How to calculate $\mathbb{E}\left(\varPhi^{2}\left(\frac{W_{s}}{\sqrt{1-s}}\right)\right)$? How can we calculate $$\mathbb{E}\left(\varPhi^{2}\left(\frac{W_{s}}{\sqrt{1-s}}\right)\right)$$ where $W$ denotes a Wiener process, and $\varPhi$ is the CDF of the standard normal random variable... If $\varphi$ denotes the PDF of the standard normal variable, then$$\mathbb{E}\left(\varPhi^{2}\left(\frac{W_{s}}{\sqrt{1-s}}\right)\right)=\int_{\mathbb{R}}\varPhi^{2}\left(\frac{x}{\sqrt{1-s}}\right)\frac{1}{\sqrt{2\pi s}}e^{-\frac{x^{2}}{2s}}dx=\int_{\mathbb{R}}\varPhi^{2}\left(\frac{x}{\sqrt{1-s}}\right)\frac{1}{\sqrt{s}}\varphi\left(\frac{x}{\sqrt{s}}\right)dx=...?$$ I can't continue...
 A: Let $$M_t = \Phi \left( \frac{W_t}{\sqrt{1-t}} \right) = g(t, W_t)$$ where $g(t,x) =\Phi \left( \frac{x}{\sqrt{1-t}} \right)$. We claim that $M_t$ is a martingale. First, observe that $\Phi^\prime (s) =\frac{1}{\sqrt{2 \pi}} \exp \left( \frac{s^2}{2} \right)$ and $\Phi^{\prime \prime}(s) = - \frac{s}{\sqrt{2 \pi}}\exp \left( \frac{s^2}{2} \right)$. Furthermore,
$$\begin{align*}
g_x(t,x) &= \frac{1}{\sqrt{1 - t}} \Phi^\prime \left( \frac{x}{\sqrt{1 - t}} \right) \\
g_t(t,x) &= \frac{x}{2\sqrt{1 - t}(1-t)} \Phi^\prime \left( \frac{x}{\sqrt{1 - t}} \right) \\
g_{xx}(t,x) &= \frac{1}{1-t} \Phi^{\prime \prime}\left( \frac{x}{\sqrt{1 - t}} \right)
\end{align*}$$
From here, you may check that $g_t(t,x) + \frac{1}{2}g_{xx}(t,x) = 0$, so that $M_t$ is driftless and hence a local martingale. It's in fact a true martingale by observing that $$dM_t = \frac{1}{\sqrt{2\pi}\sqrt{1-t}} \exp \left( - \frac{W_t^2}{2(1 - t)} \right) dW_t$$ and noting that the integrand (being bounded) belongs to $L^2 (\Omega \times [0,T])$ for $T < 1$.

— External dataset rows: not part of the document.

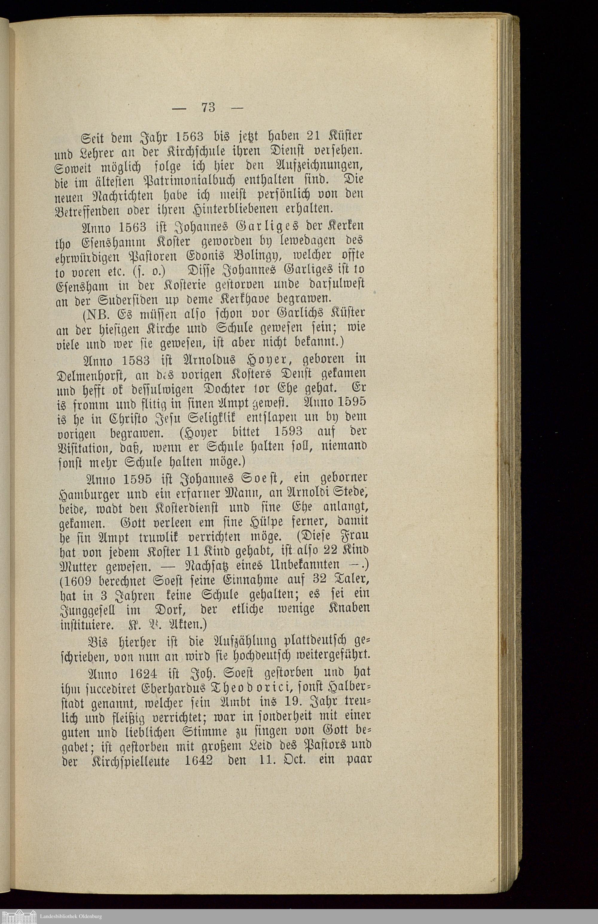 Küsterei und Küster; Schulen und Lehrer.
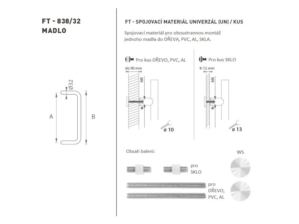 Madlo na dveře je vyrobeno z vysoce kvalitní nerezavějící oceli, známé jako nerez a je povrchově upravené. Profil madla je 32 mm. Sada UNIVERZÁL (UN) obsahuje spojovací materiál pro oboustrannou montáž dvou madel do dřeva, PVC, AL, skla.
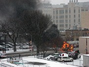 A shuttle bus operated by the Massachusetts Bay Transportation Authority caught on fire on Massassuchetts Avenue just south of Albany St. around 9:40 a.m. Wednesday morning. There were no injuries, according to the Cambridge Police Department. THE RIDE is a service operated by the MBTA to provide service to those who are not able to use subways, busses or trains.
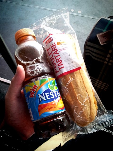 역에서 산 샌드위치를 꾸역꾸역 먹으면서 아침을 때우고 있는데...
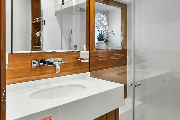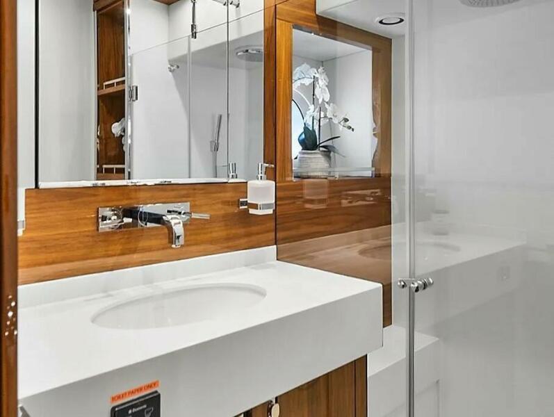- Guest Cabin (Starboard): Twin side-by-side beds with its own ensuite bath.

The dynamics of $M_t^2$ are given easily by Itô's lemma: $$d(M^2)_t = (dM_t)^2 + 2M_t(dM_t) = \frac{1}{2\pi (1-t)} \exp \left( - \frac{W_t^2}{1-t} \right) dt + \text{martingale}$$
So that $$E(M_t^2) = M_0^2 + \int_0^t \frac{1}{2\pi (1-s)} E\exp\left( -\frac{W_s^2}{1-s}\right) ds$$
The inner expectation evaluates to $$E\exp\left( -\frac{W_s^2}{1-s}\right) = E\exp\left( -\frac{s}{1-s}W_1^2\right) = \left( \frac{1+s}{1-s} \right)^{-1/2} = \sqrt{ \frac{1-s}{1+s} }$$
Where in the second equality we have evaluated the MGF of $W_1^2 \sim \chi^2(1)$ at the point $- \frac{s}{1-s}$.
From this point on, the expectation is a standard calculus exercise which I leave to you.